Als het op het dagelijks leven aankomt, dragen mensen meestal geen linialen in hun portemonnee en zak. Soms moet u echter snel iets meten en heeft u geen liniaal bij de hand. Met een beetje vindingrijkheid of een goed geheugen kun je nog steeds dingen meten als een professional, en al je vrienden imponeren met je vindingrijkheid om op te starten!
Stappen
Methode 1 van 2: Vergelijken met alledaagse voorwerpen
Stap 1. Controleer uw portemonnee op valuta die u als miniliniaal kunt gebruiken
Alle Amerikaanse en EU-valuta hebben een standaardformaat. Houd er rekening mee dat niet alle eurobankbiljetten dezelfde afmetingen hebben.
- Alle Amerikaanse biljetten zijn 2,61 inch (6,6 cm), of ongeveer 6 inch (15 cm).
- Een Amerikaans kwartaal is 2,4 cm lang, of ongeveer 2,5 cm (1 inch).
- Een biljet van 5 euro is 120 mm (4,7 inch) lang en een biljet van 50 euro is 140 mm (5,5 inch) lang en ongeveer 3 inch (76 mm) breed.
Stap 2. Trek een creditcard of visitekaartje uit om als ruwe gids te gebruiken
U kunt objecten opmeten door de kaart naast het object te leggen. Vergelijk vervolgens de grootte van de kaart met de grootte van het object.
- Een standaard creditcard is 8,57 cm lang.

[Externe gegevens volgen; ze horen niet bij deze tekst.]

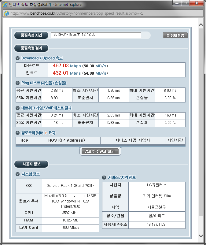 * 벤치비 속도측정 사이트 : http://www.benchbee.co.kr

- Een standaard visitekaartje is 8,9 cm lang en 5,1 cm breed.
Stap 3. Zoek een vel printerpapier
Standaard Amerikaans en Canadees printerpapier is 8,5 inch (22 cm) bij 11 inch (28 cm). Standaard printerpapier buiten de VS en Canada is 210 mm (8,3 inch) bij 297 mm (11,7 inch).
Stap 4. Print een online liniaal uit
Er zijn veel basissjablonen die online te vinden zijn. Dit is een makkelijke oplossing, maar werkt alleen als je toegang hebt tot een printer.
Stap 5. Gebruik het vel drukpapier als een geïmproviseerd meetinstrument
Als je geen printer tot je beschikking hebt en het stuk printerpapier heeft geen standaardformaat, dan kan het papier toch handig zijn als je het formaat bepaalt. De afmetingen van printerpapier staan vaak op de voorkant van de verpakking. Vergelijk vervolgens het formaat van dat papier met het object dat u meet.
Methode 2 van 2: Meten met je lichaam
Stap 1. Ken uw handlengte en handspanwijdte
Je handen zijn altijd handig. Als u de grootte van uw handpalm en vingers kent, kunt u gemakkelijk kleine voorwerpen van verschillende afmetingen meten.
- Om uw handlengte te bepalen, houdt u uw hand plat alsof u uw hand opheft, en meet dan vanaf de top van uw derde vinger tot de basis van uw handpalm.
- Om je handspanwijdte te vinden, strek je je vingers zo wijd mogelijk en meet je vervolgens van het topje van je duim tot het topje van je pink.
Stap 2. Onthoud je schoenmaat
Dit is handiger voor het meten van langere afstanden, zoals de afmetingen van een kamer. Door online te zoeken naar conversietabellen voor schoenmaat, kunt u uw schoenmaat eenvoudig omrekenen naar inches en centimeters.
Je schoenmaat kan soms ook op de tong zitten, of het binnenste bovenste deel van je schoen
Stap 3. Leer uw armspanwijdte of hoogte
Deze twee metingen moeten ongeveer hetzelfde zijn. Met behulp van die metingen kun je dingen verticaal meten door rechtop te staan, of horizontaal door simpelweg je armen uit te strekken.